MANILA, Philippines — The P357-billion Metro Manila Subway is a white elephant in the making owing to distortions made to its original alignment that led to dangerous design changes, the bloating of its cost and uncertainty in funding for the entire mega project, a Senate leader said on Sunday.
Senate President Pro Tempore Ralph Recto, who previously headed the National Economic and Development Authority, said he supports the subway project as a means to ease the worsening traffic congestion in Metro Manila, but some officials in the Department of Transportation (DOTr) reportedly altered the original project as drawn up by the Japan International Cooperation Agency (JICA).
“It’s a good project if it’s properly planned. We don’t want it to be a white elephant. We want the people to benefit from it, not like the Bataan Nuclear Power Plant. Let’s not implement it if we’re not prepared to implement it,” Recto said.
“We should not be reckless just to show we have a subway project, and to say we’re building it already. We may be able to start it, and it will take years and years (to complete), and we may still not able to use it and benefit from it,” he added.
Senators earlier said the chamber would probe the project, whose cost was reportedly bloated by over P150 billion. Its stations and specifications were suspiciously altered for commercial interests that it would be traversing twice a major earthquake fault and flood prone areas, and plow through thousands of private residences.
Recto warned that the costs of a project of such magnitude would inevitably escalate over time as surveys and plans change when actual construction begins.
He pointed out that the original JICA plan was a product of long and thorough studies and surveys costing billions of pesos, while the realignment apparently was decided only in a matter of weeks by DOTr functionaries.

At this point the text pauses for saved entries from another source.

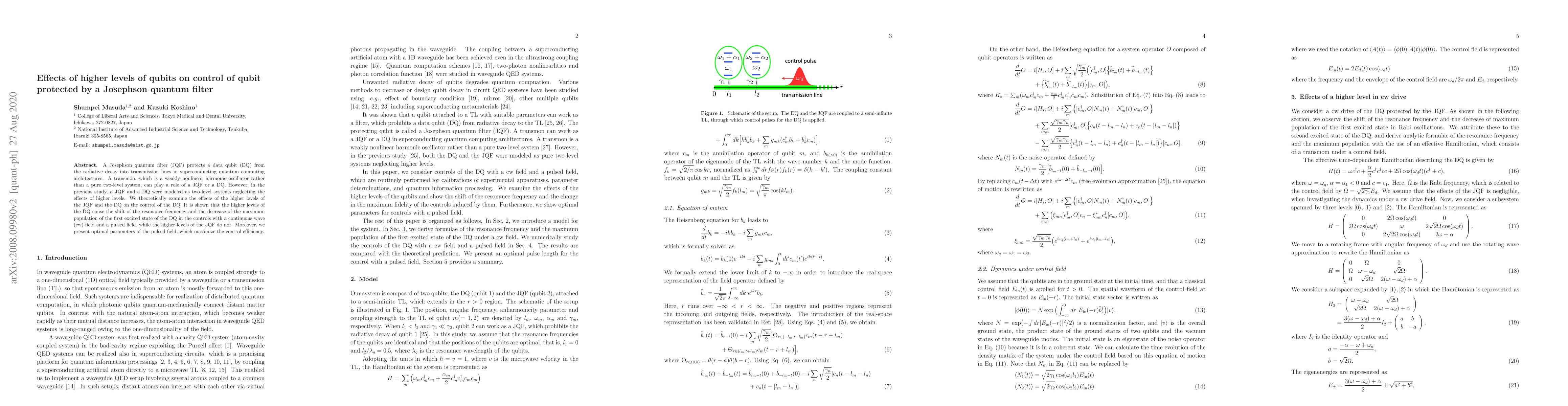 A Josephson quantum filter (JQF) protects a data qubit (DQ) from the radiative decay into transmission lines in superconducting quantum computing architectures. A transmon, which is a weakly nonlinear harmonic oscillator rather than a pure two-level system, can play a role of a JQF or a DQ. However, in the previous study, a JQF and a DQ were modeled as two-level systems neglecting the effects of higher levels. We theoretically examine the effects of the higher levels of the JQF and the DQ on the control of the DQ. It is shown that the higher levels of the DQ cause the shift of the resonance frequency and the decrease of the maximum population of the first excited state of the DQ in the controls with a continuous wave (cw) field and a pulsed field, while the higher levels of the JQF do not. Moreover, we present optimal parameters of the pulsed field, which maximize the control efficiency.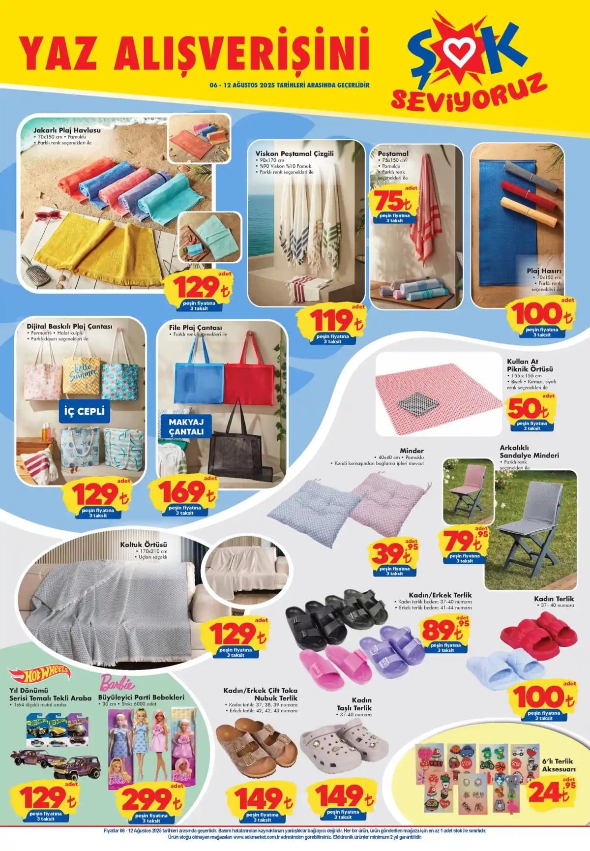 Özellikle yaz tatiline hazırlananlar için düşünülmüş ürünler dikkat çekiyor. Plaj havlusu, plaj çantası, terlik ve mindergibi sezonluk eşyalar, bu hafta ŞOK’ta cazip fiyatlarla satışta.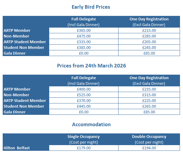 The below information details how your data will be used in relation to the ARTP 2026 conference. Please use the following link for more information on the privacy policy, ARTP Privacy Policy - please read these before continuing.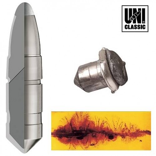 Пуля RWS UNI CLASSIC была разработана специально для охоты на крупную дичь как дополнение к пуле ID CLASSIC. Области применения: крупная и очень крупная черная и красная дичь. Более жесткий и тяжелый задний сердечник меньше подвержен грибовидной деформации, что существенно повышает пробивную способность пули. Мягкий передний сердечник из-за своей надежной фрагментации обеспечивает высокую эффективность, сравнимую с пулей ID CLASSIC. Стабильность траектории пули UNI CLASSIC достигается благодаря торпедообразной форме задней части.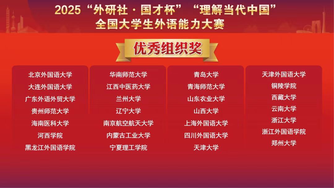 TJU has consistently upheld the educational philosophy of “promoting learning, practice, teaching, and talent development through competitions.” The School of Foreign Languages actively organizes and holds several high-level foreign language events in Tianjin. After multiple rounds of rigorous competition at university and municipal levels, TJU students demonstrated exceptional skills by showcasing China’s development and multicultural charm in English. It fully demonstrates their youthful responsibility of understanding China and communicating with the world, and builds a bridge of friendship for exchanges, cooperation, mutual learning. For its outstanding organizational contributions, TJU received the contest’s Outstanding Organization Award.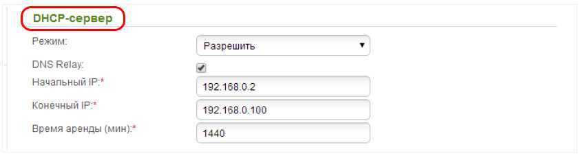 - В разделе «DHCP» оставляем включенным DHCP-сервер.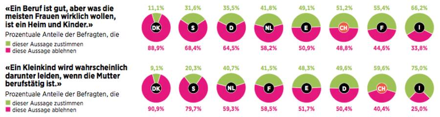 Diese vermeintliche Selbstverständlichkeit sei in der Schweiz fest verankert, fester als in anderen europäischen Ländern, sagt Merz. Eine europaweite Studie zu gesellschaftlichen Werten stützt diese Aussage: Auf die Frage «Leidet ein Kleinkind, wenn die Mutter berufstätig ist?» antworteten in der Schweiz 60 Prozent der Befragten mit Ja. In Dänemark waren es neun Prozent, in Schweden 20. Über die Hälfte der Befragten in der Schweiz sagen, dass es für eine Mutter zwar okay sei, einen Job zu haben, aber Frauen blieben in Tat und Wahrheit doch lieber daheim am Herd.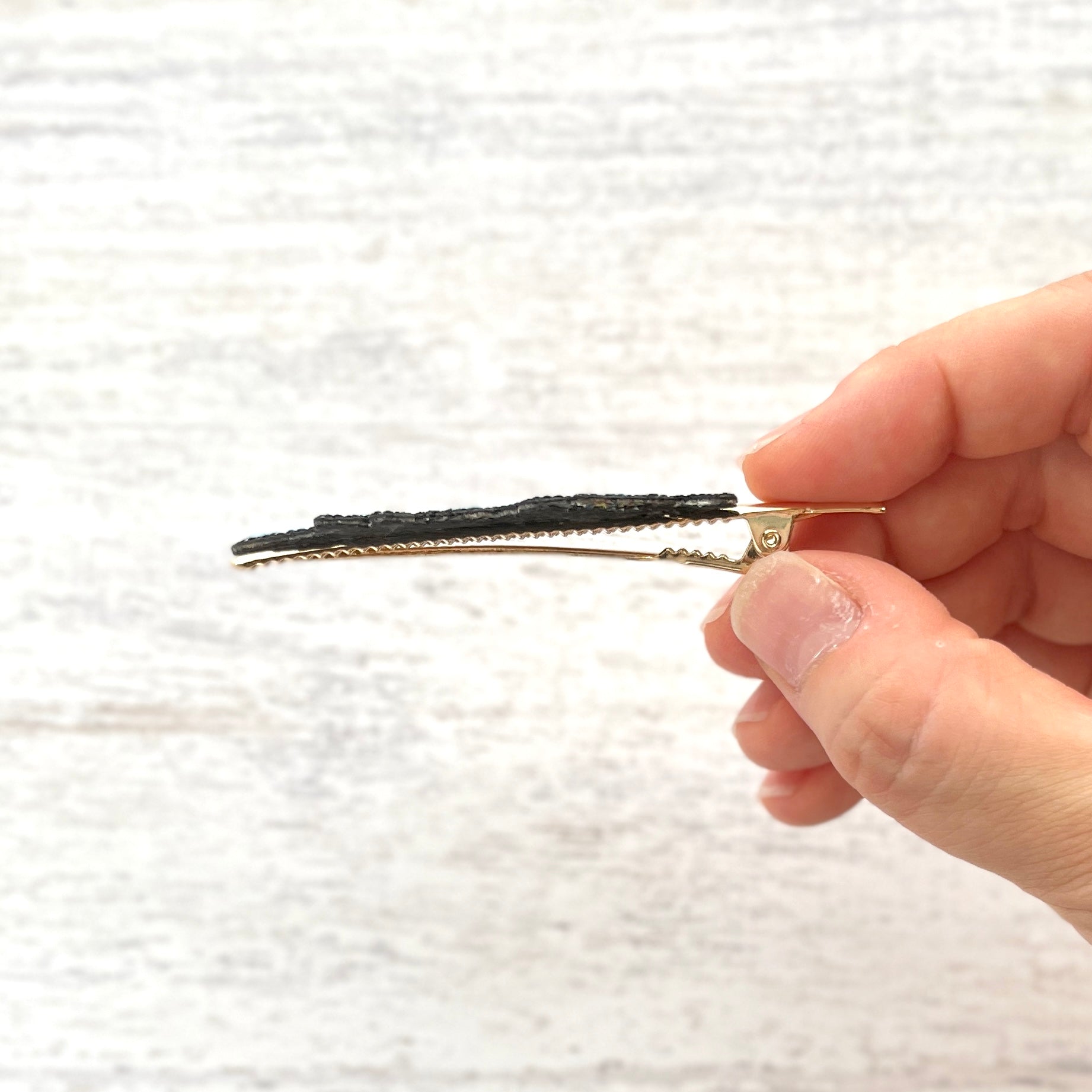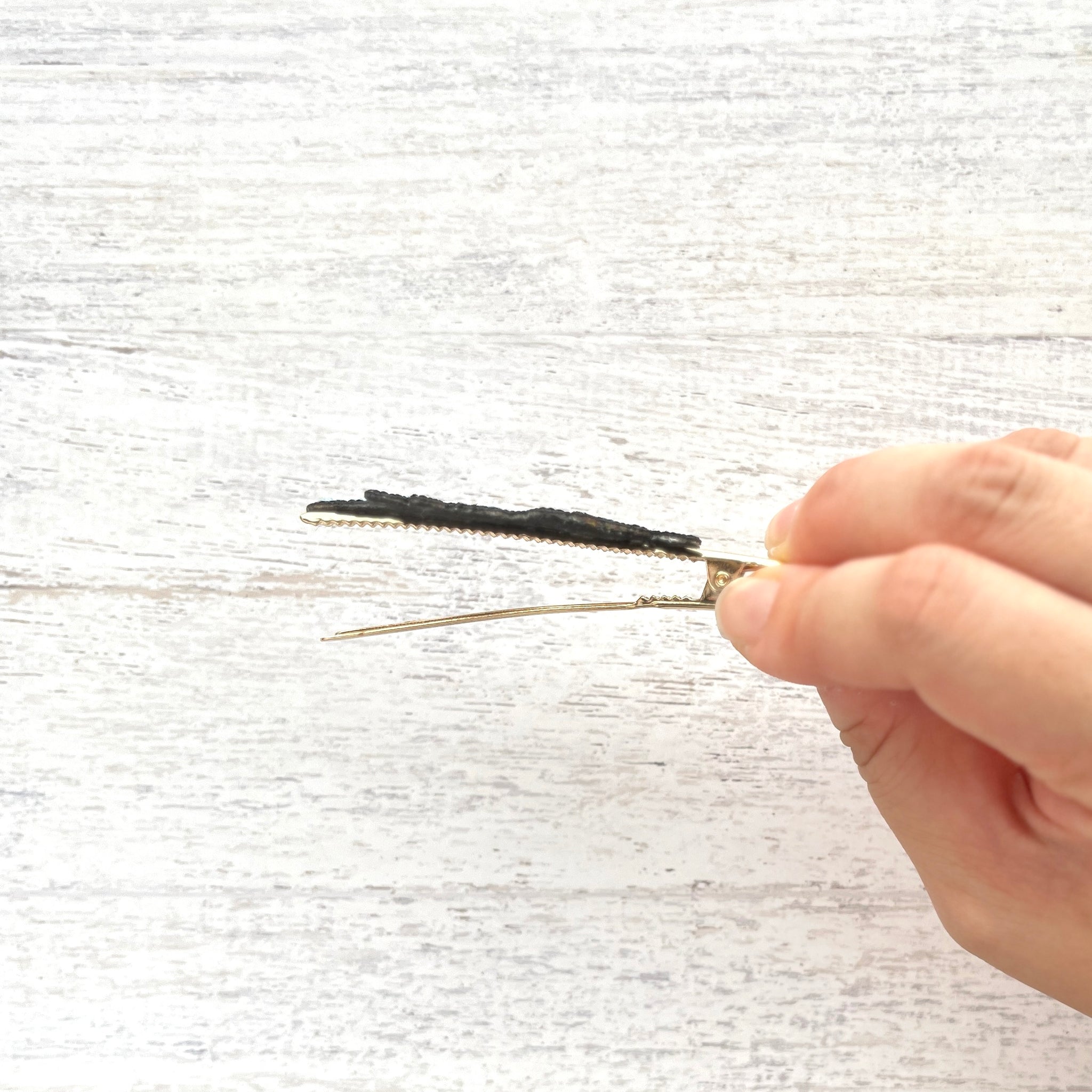 刺繍自体が非常に軽いので、ほとんどヘアクリップのみの重さです。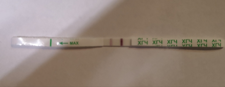 Уже беременная полоска мне кажется ярче, чем та которая всегда проявляется всегда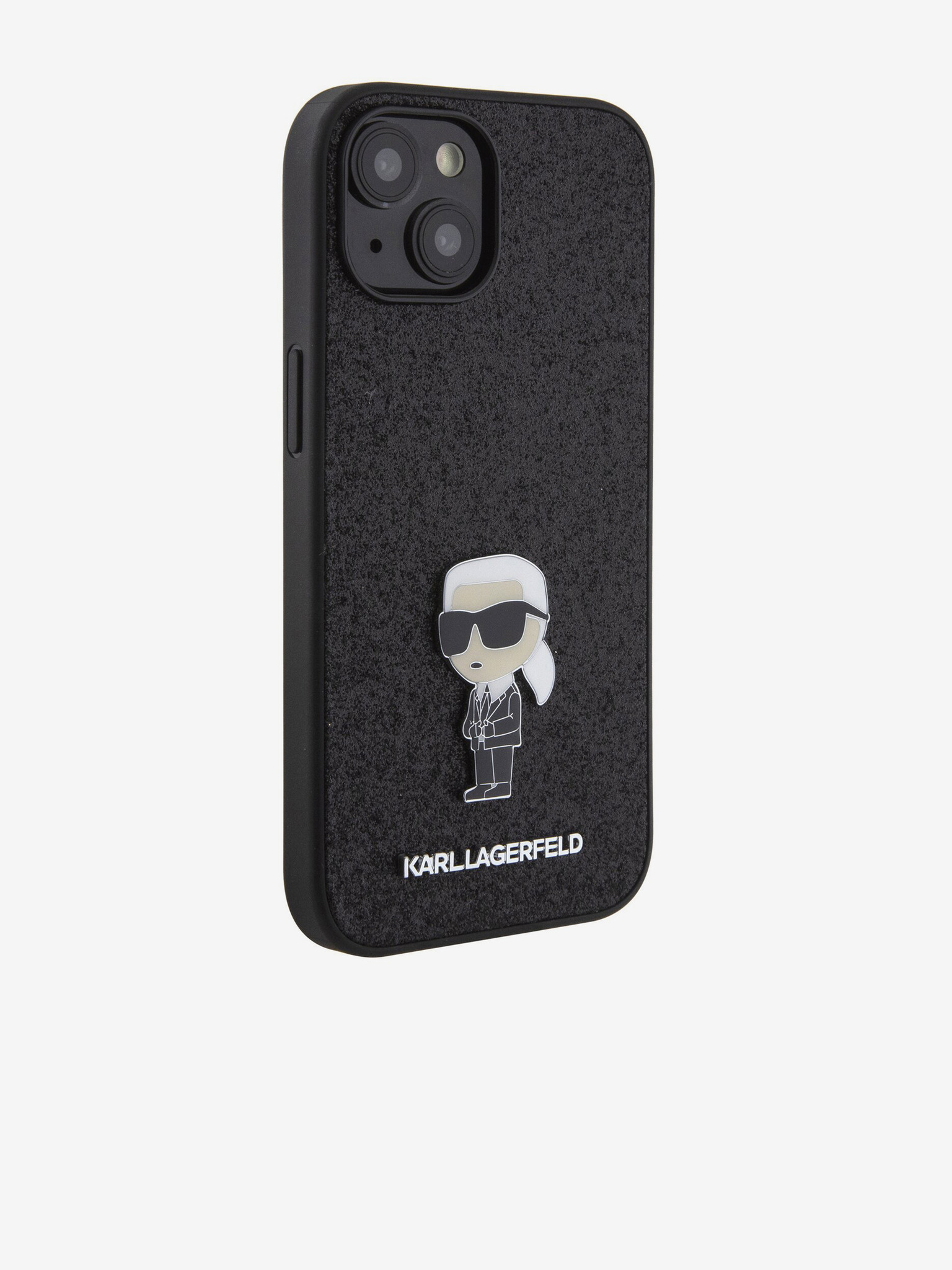 Karl Lagerfeld Fixed Glitter Metal K&CH stražnji poklopac za iPhone 16e Crni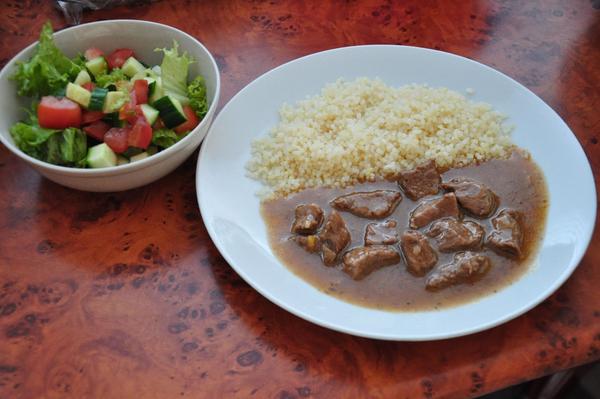 Vcera sme meli krkovicku na mrkvicce a cervenem vinu s bramborama. Kureci vyvar. A dneska sme dojedli vyvar a udelala sem segedin 🙂 mnam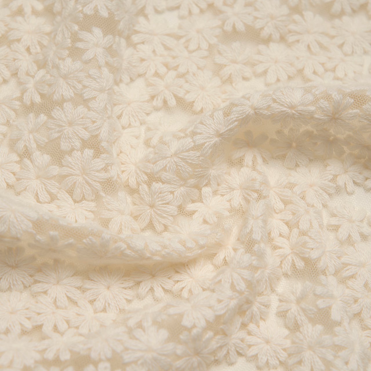 チュールレースはナイロン100%、模様のお花は綿100%の表示になっています。
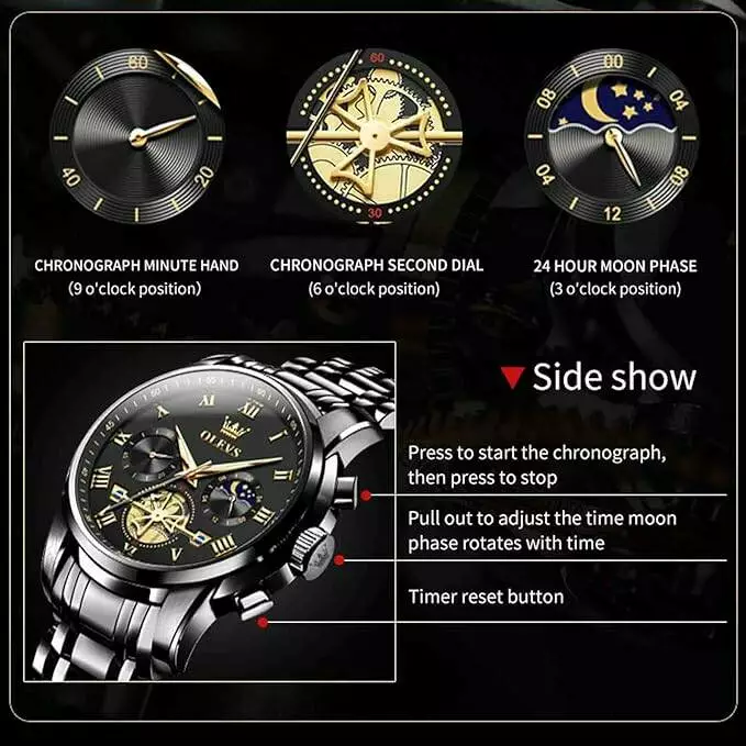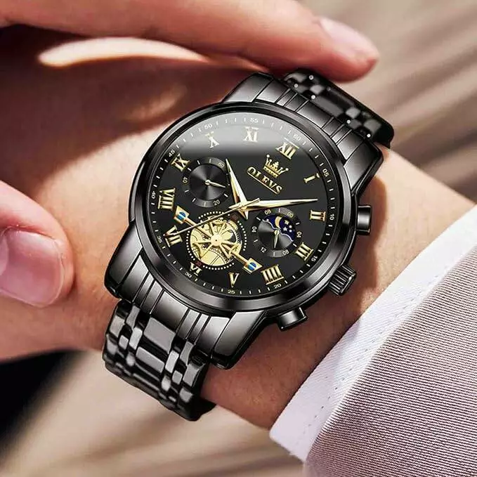 Часы наручные OLEVS 2859 – стильный аксессуар, сочетающий классическую элегантность с практичными функциями. Благодаря высокоточному кварцевому механизму часы держат точное время. Три дополнительных циферблата хронографа помогут отслеживать время с точностью до секунд, а световое покрытие на стрелках сделает чтение в темноте удобным. Корпус из сплава с вакуумным покрытием сочетается с прочным браслетом из нержавеющей стали – идеальное сочетание прочности и эстетики. Наличие водозащиты позволяет не снимать часы во время дождя или мытья рук.

Recto also asked the DOTr to explain how the project would be paid, and how much would it cost to maintain it. Inevitably, all expenses would be shouldered by the people, he said.
He said today, P6 billion in taxpayers’ money is being used to subsidize the MRT-3 since it started operations in 1999 because of problems that arose from poor planning.
Recto said a project of such magnitude and cost “must be explained to the people’s representatives both in the House (of Representatives) and the Senate.”
During the deliberations for the proposed DOTr budget last month, Recto and Sen. Panfilo Lacson asked the agency’s officials to make sure residents to be evicted because of the project must be paid first before the subway project starts as mandated under the Right-of-Way Act.
The original plan was to have the subway run generally beneath EDSA as part of the JICA’s Mega Manila transportation master plan based on surveys and feasibility studies that cost billions of pesos. But the DOTr reportedly deviated from the original alignment, to include rerouting it to Katipunan in Quezon City, which increased its cost from the original P208 billion, and had the subway pass twice through a major earthquake fault and cross several flood zones.
Transportation Undersecretary for rails Timothy Batan said the agency aims to first open three stations on Quirino Highway, Tandang Sora and North Avenue, Quezon City in 2022 after the JICA extended a P55-billion loan for them.